I have a column in a dataframe that looks something like this
0 NaN
1 ["arts"]
2 ["sports", "tech"]
3 ["arts", "finance", "health", "sports", "science"...
4 ["finance", "sports", "tech"]
5 ["arts", "finance", "sports", "tech"]
6 ["arts", "finance", "health", "sports", "science"...
7 ["arts", "sports", "science"]
I would love to know how many times Arts occured across all these lists of lists. However, upon trying out column.explode().value_counts(sort=True)
I just get a basic distribution with options which is not what I want.
["tech"] 5
["arts", "finance", "sports", "tech"] 2
["arts", "sports"] 2
["finance", "sports"] 1
["arts"] 1
I even tried using counters collections.Counter(itertools.chain.from_iterable(v.split(',') for v in column))
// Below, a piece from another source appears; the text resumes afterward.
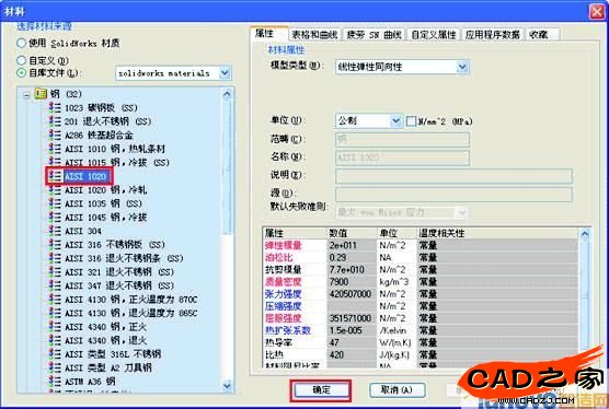 ( 4 ) 指定各個(gè)零件不同的材質(zhì)。單擊“ 零件 ”前的“+”號(hào),展開所有零件,如圖13所示,然后“右鍵”單擊“保持架-1”,如圖14所示,在快捷菜單中選擇“應(yīng)用/編 輯材料”命令。在“材料”對(duì)話框中選擇“A I S I 1020”, 該材料的機(jī)械屬性出現(xiàn)在對(duì)話框右側(cè)的“屬性”標(biāo)簽中。如 圖15所示,然后單擊“確定”按鈕完成材料的指定。
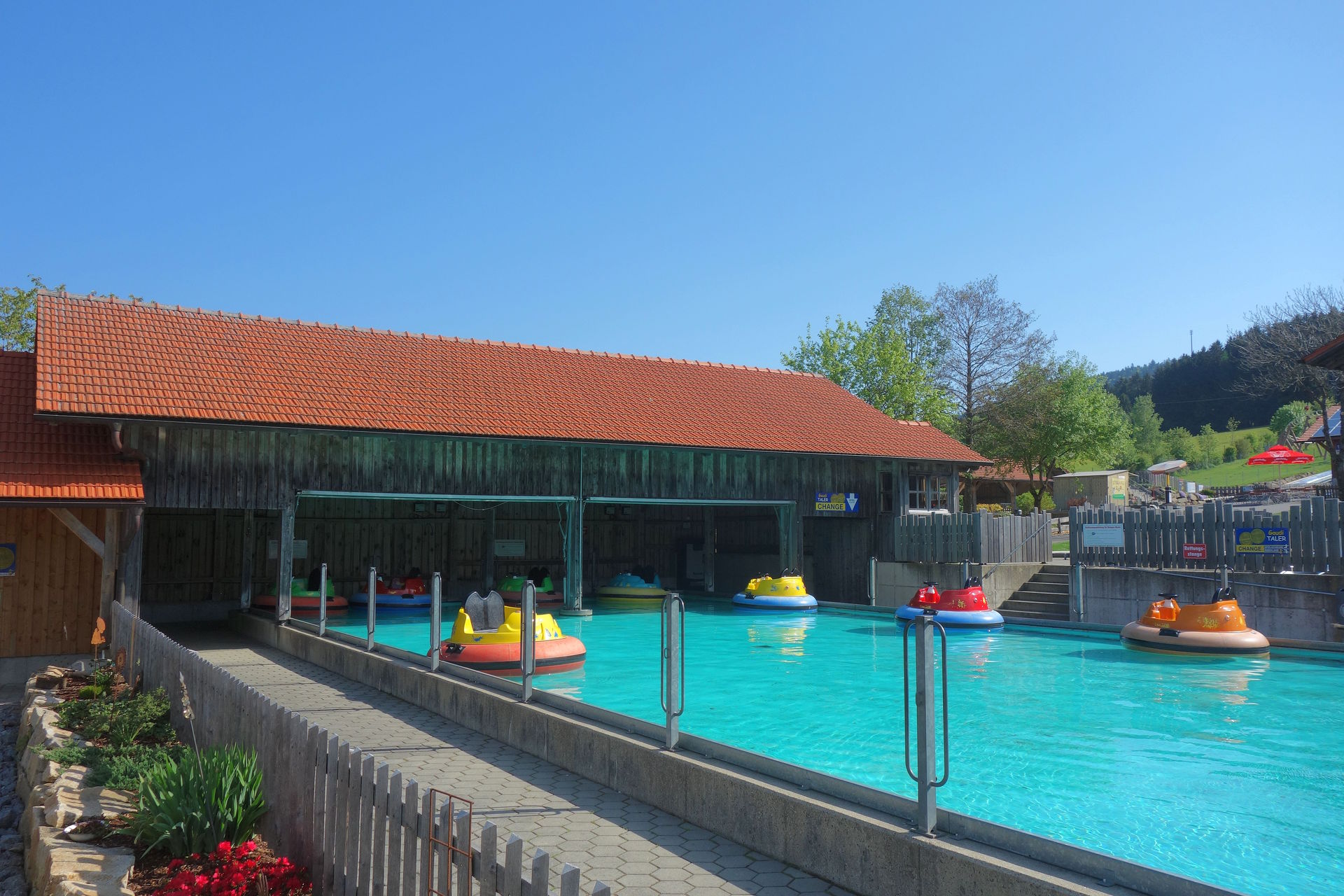 Vorbei an den Bumper-Boats machten wir uns gegen 9:40 Uhr wieder auf den Weg zurück zum Parkplatz.

but I get the following error 'float' object has no attribute 'split'
Any pointers?
CodePudding user response:
If column
is not too long, a simple nested loop should work just fine:
count = 0
for str_list in column:
for name in str_list:
if name == "arts":
count = 1
print(count)
CodePudding user response:
You can create a mask of rows that contain arts by doing something like:
mask = df['industry'].apply(lambda x: 'comedy' in x)
And then restrict your dataframe to your new mask
df = df[mask]
From there you should just be able to use len(df) or something like that.